Trop ? On peut trop aimer quelqu'un ?

L'amour exclusif, envahissant, inconditionnel, enferme, isole, et exclut toute autre relation. Ma mère n'avait pas d'amis, pas de mari, et notre univers était si restreint que je vivais dans la peur qu'il lui arrive quelque chose. Si elle rentrait de son travail avec cinq minutes de retard, j'entrais dans une angoisse folle, et j'avais des crises de sanglots à l'idée de me séparer d'elle pour les vacances. C'est pour cela que je n'ai jamais vu d'un très bon œil les femmes qui font un enfant toutes seules, comme dans la chanson de Goldman. A moins qu'une grande famille à proximité compense la relation fusionnelle. Cela n'était pas mon cas. Le seul couple qu'a formé ma mère dans sa vie, c'était avec moi. Et elle a toujours considéré Jacques - Dutronc - d'un mauvais œil.

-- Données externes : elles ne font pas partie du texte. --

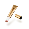 Appliquez l'enlumineur sur les pommettes, le menton, l'arête du nez et l'arcade sourcilière en appuyant légèrement sur le tube pour libérer le produit qui imprégnera l'éponge. Estompez délicatement vers les tempes du bout des doigts ou avec un pinceau. Modulez l'intensité en appliquant plus ou moins de produit.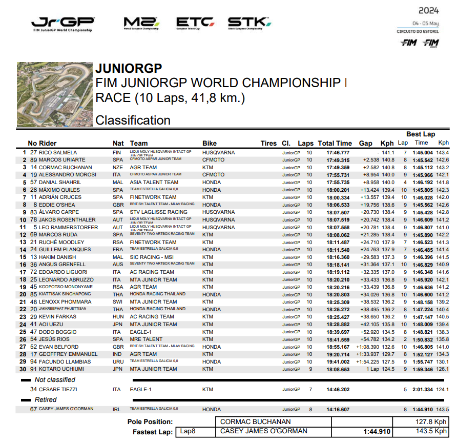 Home»In Pista»JuniorGP Estoril : Rico Salmela et le pari habile qui vaut le triomphe, Morosi 4ème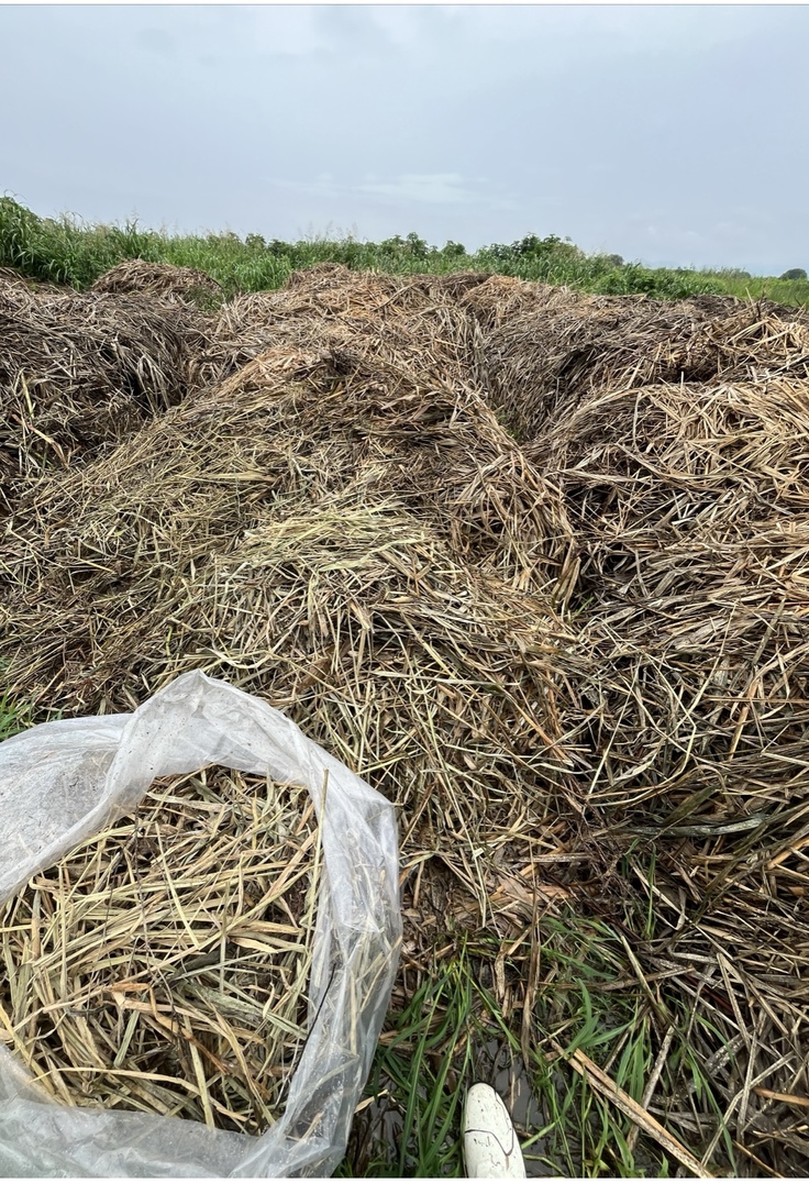 (6\27日撮影)発酵が進み最高の植物性堆肥になるのですが雑草も多く混ざり畑に雑草が増えて大変だから今は飼料くらいにしか使い道がないとの話しでしたが丁度、高来のお店となる壁の補修をしないといけなかったのでこの葦を使わさせて貰えないか?伺ったところ好きなだけ持って行って良いよ。と了承頂きました。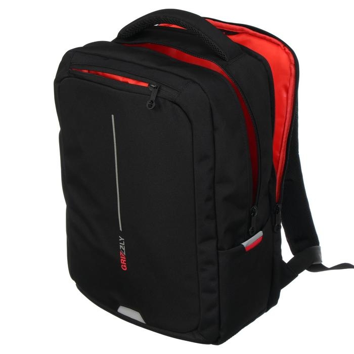 Рюкзак молодёжный, 41,5 х 29 х 18 см, Grizzly 134, эргономичная спинка, отделение для ноутбука, чёрный/красный RU-134-1

Parce qu'il lui volait sa fille ?

Je ne sais pas. Au début, il la faisait rire. Puis elle a dû percevoir ma dépendance croissante envers lui, qui était encore très jeune, avait besoin de vivre sa vie, sollicité par toutes les filles qui lui tombaient dans les bras. Elle venait garder notre fils, Thomas, dans l'après-midi, et se comportait comme si elle était chez elle. Si j'étais avec Jacques dans ma chambre et que nous fermions la porte, elle entrait sans frapper. Et puis, elle posait mille questions, me demandant par exemple si -Jacques prêtait de l'argent à Untel. J'ai fini par répondre qu'il avait 40 ans, et que ça ne la regardait pas. Elle a explosé, instruit le procès de Jacques de manière violente, affirmant que c'était un très mauvais père. C'en était trop. Et je lui ai répondu qu'elle n'avait pas fait mieux dans le choix d'un père pour ses enfants. " Oui, mais moi, je ne me suis jamais mariée ! ", a-t-elle crié. L'aurait-elle voulu qu'elle ne l'aurait pas pu… Mais ça, je ne le savais pas encore. Elle s'est braquée et, malheureusement, on ne s'est jamais rabibochées.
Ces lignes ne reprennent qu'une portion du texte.